◆ Exercise objective
Leave every picture out, and print the full listing again exactly.

◆ Dataset content
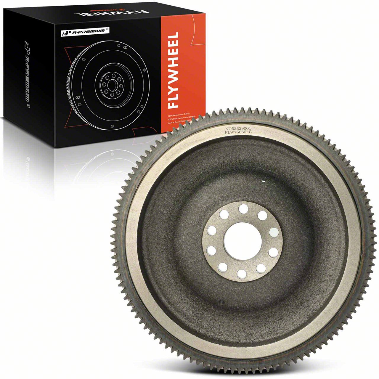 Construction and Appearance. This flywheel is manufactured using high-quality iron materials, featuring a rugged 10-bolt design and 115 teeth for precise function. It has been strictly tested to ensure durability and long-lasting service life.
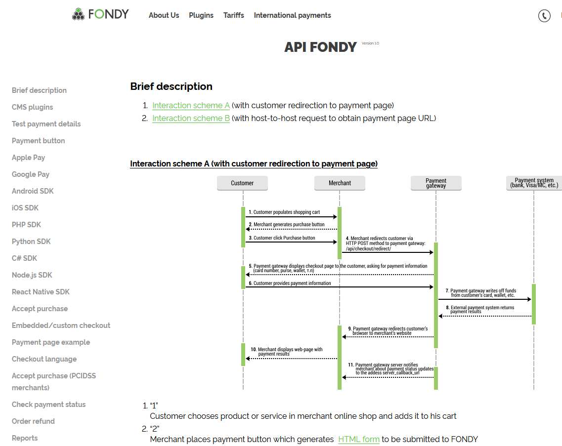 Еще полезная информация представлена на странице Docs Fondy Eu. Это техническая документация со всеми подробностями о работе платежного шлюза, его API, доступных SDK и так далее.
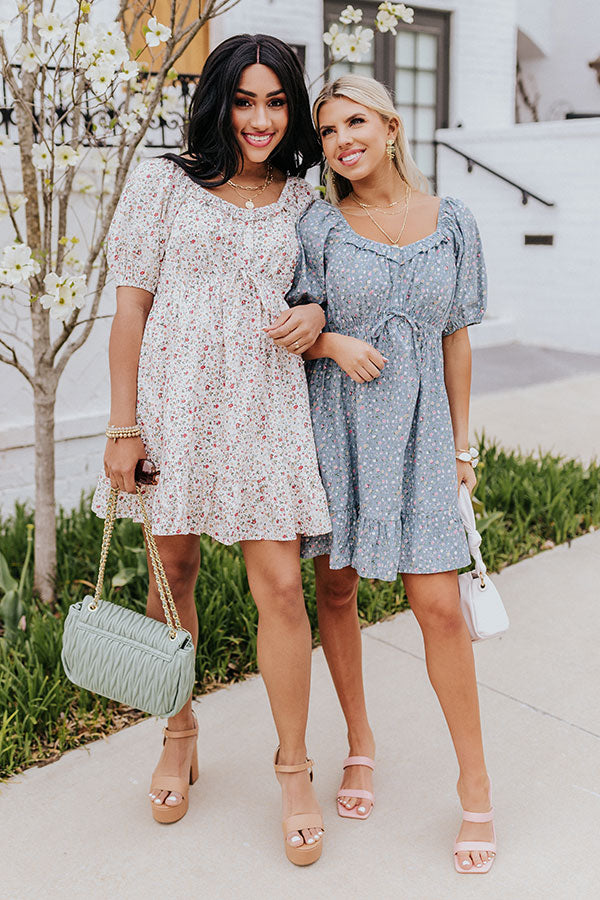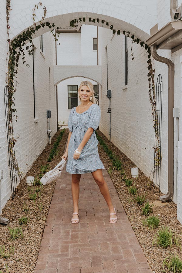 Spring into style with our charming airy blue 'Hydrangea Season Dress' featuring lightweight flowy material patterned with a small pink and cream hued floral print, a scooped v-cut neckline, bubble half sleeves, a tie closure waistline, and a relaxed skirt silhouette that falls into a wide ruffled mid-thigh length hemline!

◆ Problem solution
 Construction and Appearance. This flywheel is manufactured using high-quality iron materials, featuring a rugged 10-bolt design and 115 teeth for precise function. It has been strictly tested to ensure durability and long-lasting service life.
 Еще полезная информация представлена на странице Docs Fondy Eu. Это техническая документация со всеми подробностями о работе платежного шлюза, его API, доступных SDK и так далее.
 Spring into style with our charming airy blue 'Hydrangea Season Dress' featuring lightweight flowy material patterned with a small pink and cream hued floral print, a scooped v-cut neckline, bubble half sleeves, a tie closure waistline, and a relaxed skirt silhouette that falls into a wide ruffled mid-thigh length hemline!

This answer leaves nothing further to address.